* Exercise description:
Beginning with the line below that contains "Un programme de" and ending with the line that contains "商品説明 | ・キッチングッズや小物の収納に♪UTILE", copy every line exactly. Copy nothing else.

* Extracted material:
_____

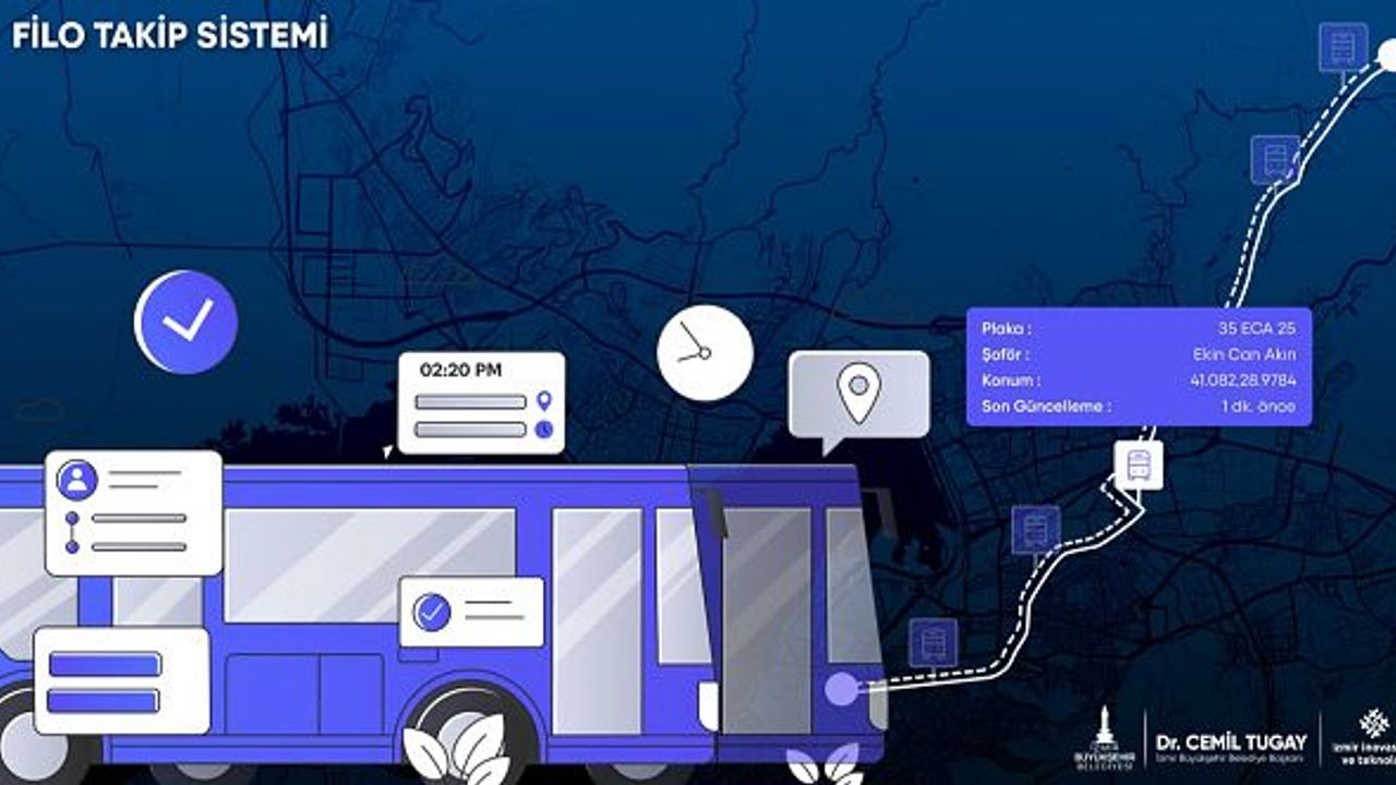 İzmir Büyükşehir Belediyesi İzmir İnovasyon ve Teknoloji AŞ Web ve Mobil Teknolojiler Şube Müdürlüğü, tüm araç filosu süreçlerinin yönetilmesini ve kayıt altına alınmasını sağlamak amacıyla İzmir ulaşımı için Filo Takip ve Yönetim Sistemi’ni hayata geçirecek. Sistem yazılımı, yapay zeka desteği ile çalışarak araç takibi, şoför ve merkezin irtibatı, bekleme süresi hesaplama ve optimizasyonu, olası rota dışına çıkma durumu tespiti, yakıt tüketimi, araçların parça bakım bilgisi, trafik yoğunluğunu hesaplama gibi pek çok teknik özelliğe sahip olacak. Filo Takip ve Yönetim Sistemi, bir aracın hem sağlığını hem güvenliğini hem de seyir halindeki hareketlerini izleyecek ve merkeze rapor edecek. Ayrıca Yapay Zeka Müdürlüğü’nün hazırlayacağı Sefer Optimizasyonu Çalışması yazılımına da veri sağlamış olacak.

_____

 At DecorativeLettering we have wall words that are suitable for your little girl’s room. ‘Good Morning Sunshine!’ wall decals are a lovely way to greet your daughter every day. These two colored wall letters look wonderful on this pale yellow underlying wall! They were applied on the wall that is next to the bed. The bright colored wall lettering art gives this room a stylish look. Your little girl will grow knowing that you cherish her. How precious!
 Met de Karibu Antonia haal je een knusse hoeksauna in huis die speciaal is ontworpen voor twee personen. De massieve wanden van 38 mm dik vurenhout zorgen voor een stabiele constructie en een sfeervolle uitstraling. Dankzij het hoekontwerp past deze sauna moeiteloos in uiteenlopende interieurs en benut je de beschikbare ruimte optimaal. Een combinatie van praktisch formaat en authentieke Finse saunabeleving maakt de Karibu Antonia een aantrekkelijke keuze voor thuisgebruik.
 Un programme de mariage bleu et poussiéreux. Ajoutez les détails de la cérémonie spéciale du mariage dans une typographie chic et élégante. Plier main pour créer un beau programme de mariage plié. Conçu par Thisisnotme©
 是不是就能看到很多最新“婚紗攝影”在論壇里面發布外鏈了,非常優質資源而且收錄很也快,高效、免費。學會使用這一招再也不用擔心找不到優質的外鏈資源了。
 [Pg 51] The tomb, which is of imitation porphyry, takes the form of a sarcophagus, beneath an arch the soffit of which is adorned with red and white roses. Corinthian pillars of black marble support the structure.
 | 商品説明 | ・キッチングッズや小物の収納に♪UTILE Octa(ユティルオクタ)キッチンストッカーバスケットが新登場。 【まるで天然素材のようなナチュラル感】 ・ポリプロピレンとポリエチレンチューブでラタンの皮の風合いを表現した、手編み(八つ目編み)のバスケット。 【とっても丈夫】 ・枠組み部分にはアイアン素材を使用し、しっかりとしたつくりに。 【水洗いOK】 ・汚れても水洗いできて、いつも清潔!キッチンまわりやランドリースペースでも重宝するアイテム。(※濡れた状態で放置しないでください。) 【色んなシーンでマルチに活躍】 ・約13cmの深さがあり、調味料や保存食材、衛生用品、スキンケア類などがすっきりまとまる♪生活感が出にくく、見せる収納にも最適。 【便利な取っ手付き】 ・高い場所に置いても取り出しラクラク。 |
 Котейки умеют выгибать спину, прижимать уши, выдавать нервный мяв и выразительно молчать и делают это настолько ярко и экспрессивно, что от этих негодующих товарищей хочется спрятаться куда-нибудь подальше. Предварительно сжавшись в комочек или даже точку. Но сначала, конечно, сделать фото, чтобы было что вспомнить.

_____

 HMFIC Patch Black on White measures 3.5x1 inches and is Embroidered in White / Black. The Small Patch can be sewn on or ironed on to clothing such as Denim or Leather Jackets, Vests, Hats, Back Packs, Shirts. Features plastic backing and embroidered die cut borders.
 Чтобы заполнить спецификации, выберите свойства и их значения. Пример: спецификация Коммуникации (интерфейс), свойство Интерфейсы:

_____

* Solution for this exercise:
 Un programme de mariage bleu et poussiéreux. Ajoutez les détails de la cérémonie spéciale du mariage dans une typographie chic et élégante. Plier main pour créer un beau programme de mariage plié. Conçu par Thisisnotme©
 是不是就能看到很多最新“婚紗攝影”在論壇里面發布外鏈了,非常優質資源而且收錄很也快,高效、免費。學會使用這一招再也不用擔心找不到優質的外鏈資源了。
 [Pg 51] The tomb, which is of imitation porphyry, takes the form of a sarcophagus, beneath an arch the soffit of which is adorned with red and white roses. Corinthian pillars of black marble support the structure.
 | 商品説明 | ・キッチングッズや小物の収納に♪UTILE Octa(ユティルオクタ)キッチンストッカーバスケットが新登場。 【まるで天然素材のようなナチュラル感】 ・ポリプロピレンとポリエチレンチューブでラタンの皮の風合いを表現した、手編み(八つ目編み)のバスケット。 【とっても丈夫】 ・枠組み部分にはアイアン素材を使用し、しっかりとしたつくりに。 【水洗いOK】 ・汚れても水洗いできて、いつも清潔!キッチンまわりやランドリースペースでも重宝するアイテム。(※濡れた状態で放置しないでください。) 【色んなシーンでマルチに活躍】 ・約13cmの深さがあり、調味料や保存食材、衛生用品、スキンケア類などがすっきりまとまる♪生活感が出にくく、見せる収納にも最適。 【便利な取っ手付き】 ・高い場所に置いても取り出しラクラク。 |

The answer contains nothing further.